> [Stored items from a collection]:
==================================================

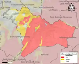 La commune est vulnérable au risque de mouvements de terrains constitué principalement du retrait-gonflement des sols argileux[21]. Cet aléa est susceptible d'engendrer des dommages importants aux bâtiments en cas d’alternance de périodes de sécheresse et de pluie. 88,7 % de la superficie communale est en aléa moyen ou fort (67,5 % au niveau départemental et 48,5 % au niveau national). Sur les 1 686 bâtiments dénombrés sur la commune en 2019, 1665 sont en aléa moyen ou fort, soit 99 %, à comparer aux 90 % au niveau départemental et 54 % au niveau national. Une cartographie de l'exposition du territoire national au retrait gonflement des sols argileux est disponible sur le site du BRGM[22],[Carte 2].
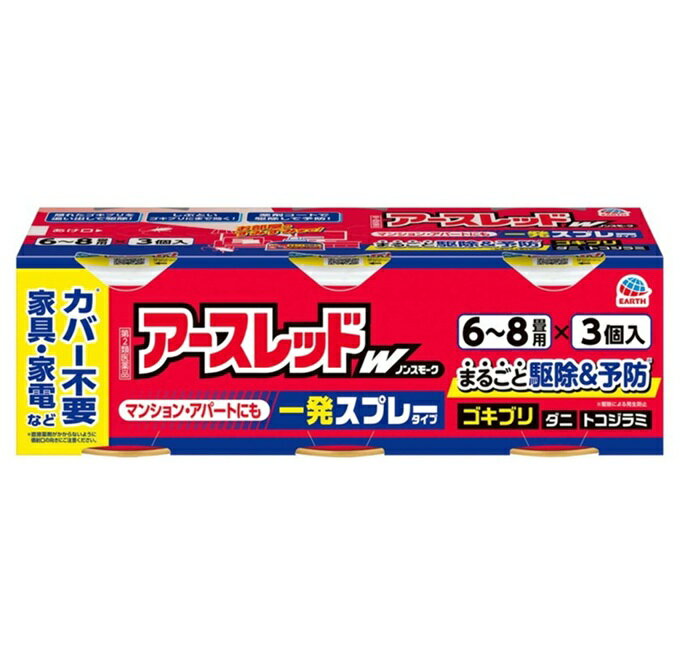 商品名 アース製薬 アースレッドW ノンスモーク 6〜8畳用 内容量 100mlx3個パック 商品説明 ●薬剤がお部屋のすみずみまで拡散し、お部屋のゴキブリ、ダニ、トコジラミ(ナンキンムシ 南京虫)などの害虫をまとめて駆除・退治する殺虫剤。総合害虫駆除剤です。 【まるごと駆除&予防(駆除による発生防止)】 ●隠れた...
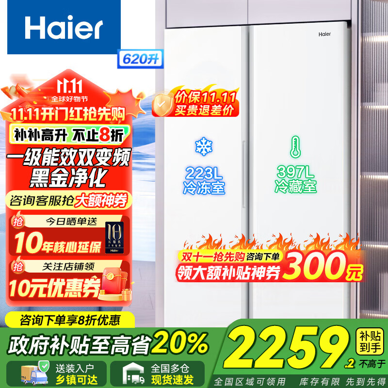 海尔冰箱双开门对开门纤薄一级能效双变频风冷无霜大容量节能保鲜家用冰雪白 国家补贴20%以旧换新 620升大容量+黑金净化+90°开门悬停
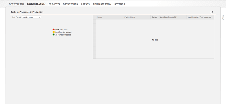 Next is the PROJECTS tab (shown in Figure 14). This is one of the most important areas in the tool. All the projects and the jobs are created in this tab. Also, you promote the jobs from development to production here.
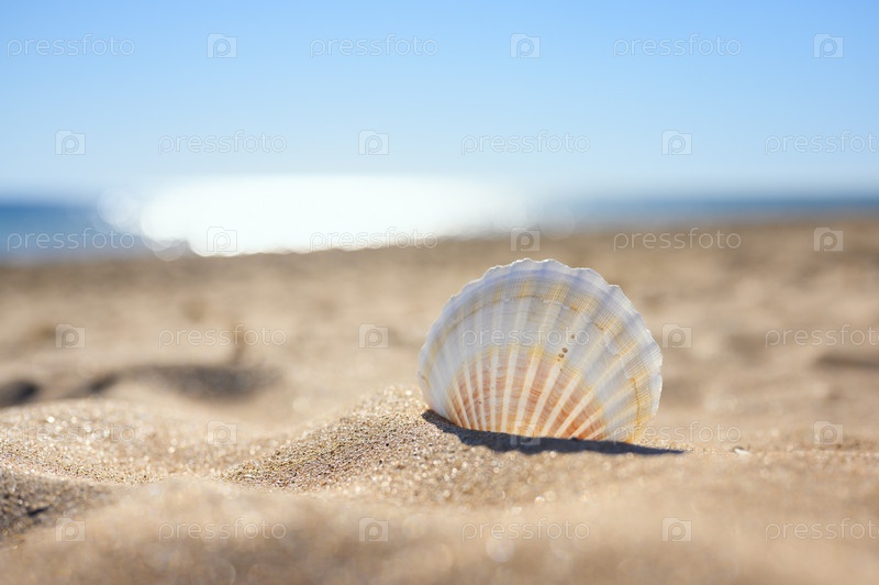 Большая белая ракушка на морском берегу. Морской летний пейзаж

==================================================

> [What to work on]: Would you output the data above exactly as written, but with no images?

> [Problem solution]:
 La commune est vulnérable au risque de mouvements de terrains constitué principalement du retrait-gonflement des sols argileux[21]. Cet aléa est susceptible d'engendrer des dommages importants aux bâtiments en cas d’alternance de périodes de sécheresse et de pluie. 88,7 % de la superficie communale est en aléa moyen ou fort (67,5 % au niveau départemental et 48,5 % au niveau national). Sur les 1 686 bâtiments dénombrés sur la commune en 2019, 1665 sont en aléa moyen ou fort, soit 99 %, à comparer aux 90 % au niveau départemental et 54 % au niveau national. Une cartographie de l'exposition du territoire national au retrait gonflement des sols argileux est disponible sur le site du BRGM[22],[Carte 2].
 商品名 アース製薬 アースレッドW ノンスモーク 6〜8畳用 内容量 100mlx3個パック 商品説明 ●薬剤がお部屋のすみずみまで拡散し、お部屋のゴキブリ、ダニ、トコジラミ(ナンキンムシ 南京虫)などの害虫をまとめて駆除・退治する殺虫剤。総合害虫駆除剤です。 【まるごと駆除&予防(駆除による発生防止)】 ●隠れた...
 海尔冰箱双开门对开门纤薄一级能效双变频风冷无霜大容量节能保鲜家用冰雪白 国家补贴20%以旧换新 620升大容量+黑金净化+90°开门悬停
 Next is the PROJECTS tab (shown in Figure 14). This is one of the most important areas in the tool. All the projects and the jobs are created in this tab. Also, you promote the jobs from development to production here.
 Большая белая ракушка на морском берегу. Морской летний пейзаж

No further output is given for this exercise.